FavioVazquez avatar FavioVazquez commented on May 18, 2024

Hi @MrPowers any advances in this Issue?

from optimus.

MrPowers avatar MrPowers commented on May 18, 2024

Sorry for the delay on this one @FavioVazquez. I'll get you something today or tomorrow. Thanks for following up!

from optimus.

FavioVazquez avatar FavioVazquez commented on May 18, 2024

Great! We'll be waiting :) @MrPowers

from optimus.

MrPowers avatar MrPowers commented on May 18, 2024

@FavioVazquez - Check out this pull request and let me know what you think ๐Ÿ˜‰

I think the custom DataFrame transformation interface I've outlined in the df_transformer_exp.py file is the best path forward for this project. I work on a large Scala/Spark codebase and we organize the DataFrame transformations in this manner.
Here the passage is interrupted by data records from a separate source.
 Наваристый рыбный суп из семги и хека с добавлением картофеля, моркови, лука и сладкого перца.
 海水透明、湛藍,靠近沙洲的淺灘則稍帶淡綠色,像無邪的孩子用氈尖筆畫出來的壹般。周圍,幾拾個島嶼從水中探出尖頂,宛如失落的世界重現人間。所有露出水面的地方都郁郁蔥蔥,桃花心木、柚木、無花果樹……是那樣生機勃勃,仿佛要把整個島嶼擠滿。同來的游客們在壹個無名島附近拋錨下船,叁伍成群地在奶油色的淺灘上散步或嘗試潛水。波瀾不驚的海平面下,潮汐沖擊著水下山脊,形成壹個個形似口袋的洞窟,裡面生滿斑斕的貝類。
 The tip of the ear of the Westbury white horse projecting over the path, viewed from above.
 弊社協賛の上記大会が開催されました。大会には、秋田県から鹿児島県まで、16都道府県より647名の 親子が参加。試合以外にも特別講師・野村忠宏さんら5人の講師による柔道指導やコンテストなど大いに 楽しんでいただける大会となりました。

I think it's best to give the user an interface that allows them to easily access the built-in DataFrame methods / functions as well as the functionality that's provided by Optimus. It's awkward to switch back and forth between the native methods and the Optimus methods with the current interface (see the test_existing_interface test).

I think this new interface will also encourage Optimus to focus on the unique functionality that your project is bringing to the table. A lot of the current DataFrameTransformer methods are basically just aliases for methods that are already provided by PySpark (e.g. show, replace_na, drop_col, delete_row, etc.). I think Optimus should be focused on unique data munging methods that aren't provided by Spark natively (e.g. clear_accents, remove_special_chars, remove_special_chars_regex, move_col).
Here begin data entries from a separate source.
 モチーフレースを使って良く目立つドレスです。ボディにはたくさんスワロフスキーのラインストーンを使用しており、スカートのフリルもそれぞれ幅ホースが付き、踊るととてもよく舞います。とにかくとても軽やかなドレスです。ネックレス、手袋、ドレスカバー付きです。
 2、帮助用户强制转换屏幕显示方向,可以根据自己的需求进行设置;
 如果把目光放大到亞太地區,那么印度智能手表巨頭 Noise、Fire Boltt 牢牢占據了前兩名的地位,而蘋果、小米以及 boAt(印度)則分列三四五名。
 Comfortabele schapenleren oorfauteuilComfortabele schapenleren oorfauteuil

I'm optimistic about the future of this project and am happy to catch up on a call to discuss the next steps!

from optimus.

MrPowers avatar MrPowers commented on May 18, 2024

@FavioVazquez - Glad we're on the same page. Let me get this pull request in better shape, so it can get merged into master. In the short run, I think we can build out the new interface and keep the existing code. I think we'll be able to clean up the existing code by leveraging the native Spark functions a bit more. Let me know what you think ๐Ÿ˜„

I think we'll also want to build out some Optimus functions, similar to the PySpark functions.

I think a good next step is to go through the DataFrameTransformer class and categorize each method as a "Spark alias method" or a "unique Optimus method". We can then start migrating over the unique Optimus methods.

from optimus.

FavioVazquez avatar FavioVazquez commented on May 18, 2024

Great! Yes that should be done. The thing here @MrPowers is that I hate some of the names for the functions of spark, there are not intuitive at all. So what could happen there?

Question: what do you mean when you said: "I think we'll also want to build out some Optimus functions, similar to the PySpark functions."?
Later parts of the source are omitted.